== Activity ==
Each line below should be repeated exactly as written, with no pictures carried over.

== Information provided ==
***

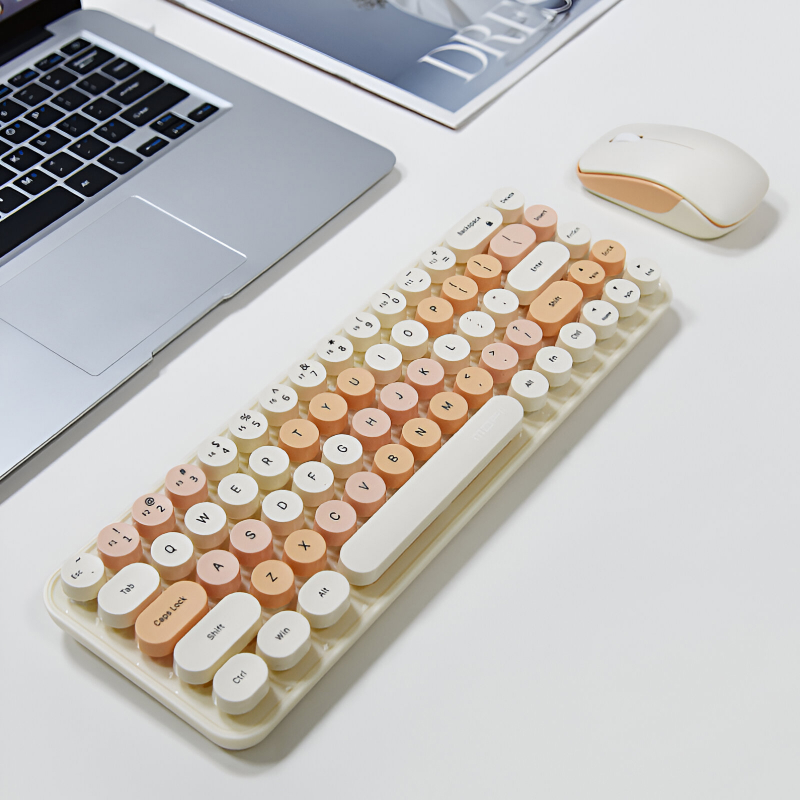 Revitalize your workspace with the Wireless Compact Keyboard and Mouse Set, featuring cute and colorful round keycaps that bring a delightful splash of color to your desk. Designed for efficiency and comfort, this compact keyboard fits snugly on any desktop or laptop setup without taking up too much space, making it an ideal choice for home offices, dorm rooms, or anyone looking to add a touch of charm to their tech setup. Perfectly blending style and function, this keyboard and mouse combo is not only visually appealing but also packed with features that elevate your typing and navigation experience.
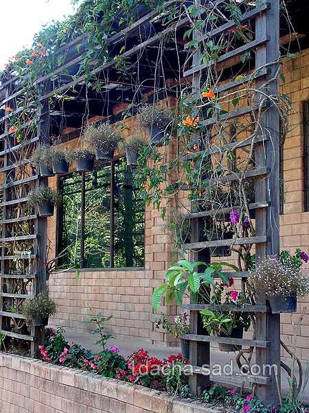 - Ампельных растений в контейнерах, которые расположены сразу на входе в зону палисадника
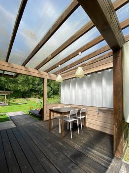 Дом Дуплекс: 2 осн. места +2 доп.места. Дом на двух хозяев, при этом у каждого дома своя беседка и свой вход в дом. Двуспальная кровать, диван, сан.узел с душем со всеми гигиеническими принадлежностями, пол с подогревом, места для хранения вещей, телевизор, камин, отдельно стоящая индивидуальная кухня-беседка с холодильником, плитой, посудой, обеденной и мангальной зоной.сан.узел со всеми гигиеническими принадлежностями.
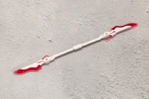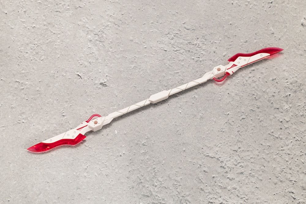 Includes two scalpel-like swords that are able to be connected to create a double-bladed sword.

***

== Problem solution ==
 Revitalize your workspace with the Wireless Compact Keyboard and Mouse Set, featuring cute and colorful round keycaps that bring a delightful splash of color to your desk. Designed for efficiency and comfort, this compact keyboard fits snugly on any desktop or laptop setup without taking up too much space, making it an ideal choice for home offices, dorm rooms, or anyone looking to add a touch of charm to their tech setup. Perfectly blending style and function, this keyboard and mouse combo is not only visually appealing but also packed with features that elevate your typing and navigation experience.
 - Ампельных растений в контейнерах, которые расположены сразу на входе в зону палисадника
 Дом Дуплекс: 2 осн. места +2 доп.места. Дом на двух хозяев, при этом у каждого дома своя беседка и свой вход в дом. Двуспальная кровать, диван, сан.узел с душем со всеми гигиеническими принадлежностями, пол с подогревом, места для хранения вещей, телевизор, камин, отдельно стоящая индивидуальная кухня-беседка с холодильником, плитой, посудой, обеденной и мангальной зоной.сан.узел со всеми гигиеническими принадлежностями.
 Includes two scalpel-like swords that are able to be connected to create a double-bladed sword.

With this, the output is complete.